Further, in the data center, the standardized data set is marked with the finished picture or audio file data, and the data storage is externally connected with public cloud object storage or cloud disk storage.

Further, in task management, the created model training task comprises starting, pausing, ending and checking to track the whole training process in real time, and finishing data set selection, super-parameter setting and hardware computing power resource selection.

Further, the node management manages the child nodes with computing power resources in the same organization, including generating a child node registration instruction and monitoring the child node state.

Further, the computing power use condition in the resource monitoring sub-node comprises GPU use rate, video memory occupancy rate, CPU use rate, memory occupancy rate and resource occupation condition of each process, and the computing power use condition is controlled to arrange training tasks.

Further, the model management stores training results, and the model results are downloaded offline or directly released to a cloud service store for other users to use.
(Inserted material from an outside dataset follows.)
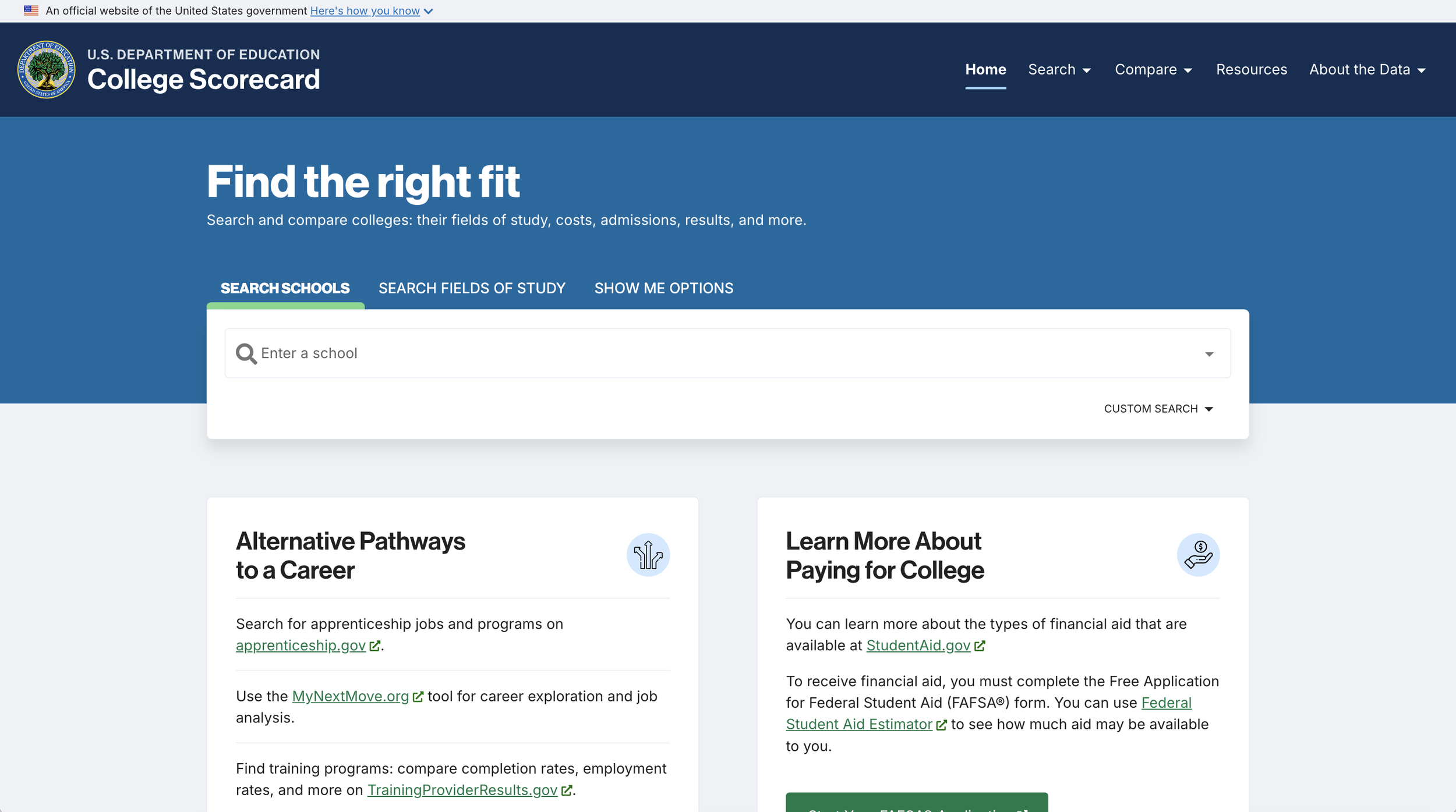 Redesign the College Scorecard homepage to emphasize the search bar and include additional information above the external links about how to use the College Scorecard and the scope of its offerings

A shared AI model training platform design apparatus, comprising: at least one memory and at least one processor;

the at least one memory for storing a machine readable program;

the at least one processor is configured to invoke the machine-readable program to execute a shared AI model training platform design method.

Compared with the prior art, the design method and the device for the shared AI model training platform have the following outstanding beneficial effects:

the invention enables the related scientific research personnel platform to train the resource sharing use and the data of the platform to be isolated to a certain extent, thereby ensuring the smoothness of the platform operation use.

Drawings

In order to more clearly illustrate the embodiments of the present invention or the technical solutions in the prior art, the drawings that are required in the embodiments or the description of the prior art will be briefly described, and it is obvious that the drawings in the following description are some embodiments of the present invention, and other drawings may be obtained according to these drawings without inventive effort for a person skilled in the art.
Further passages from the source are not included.